Cohesion, that sense of smooth flow from one part of a text to the next, is an essential feature of effective academic writing in English. There are a number of ways to create cohesion in your own writing.
Cohesion is generally created on the higher-order level, by structuring a text to follow a logical sequence in which arguments follow one another in the sense of building upon the last. Depending on their content and focus, essays or research papers may follow a chronological, geographical, or other clear order. However, language usage can either obstruct or build cohesion within a text as well. Clearly, the aim is to create cohesion, as it is important to the reader of English-language texts who seeks a smooth, easily understood paper.
One of the most obvious and straightforward ways is to employ those classic cohesive devices called linking phrases or connectors. Several things are essential in using them in your writing. The first is to understand exactly what they mean and how to use them correctly, so that they become smooth riverbanks rather than rocky rapids. You can get a first idea of the meanings of certain such linkers with this exercise.
An essential part of using these expressions correctly is knowing the syntactic patterns they follow. Here is another exercise, with which you can see exactly how such phrases and words are correctly integrated into a text.

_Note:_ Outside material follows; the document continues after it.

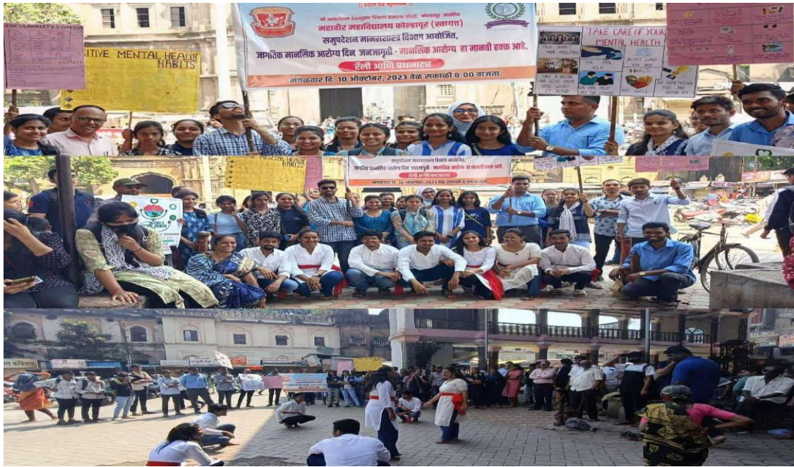
World Mental Health Day Street Play, 10 October, 2023

Cohesion also results from the effective use of pronouns and other referential phrases. Have a look at this exercise to see how they look in a passage, and identify the kinds of referential phrases you have just found. The passive voice can help you to create cohesion by picking up on the information given earlier in the text. Here is a fun and easy explanation of how the passive is used.
To summarize, cohesion can be contributed to by the conscious employment of a few very simple principles. These principles will remind you to keep your language clear and simple. In fact, if these are used with care, they can make the use of linking phrases superfluous.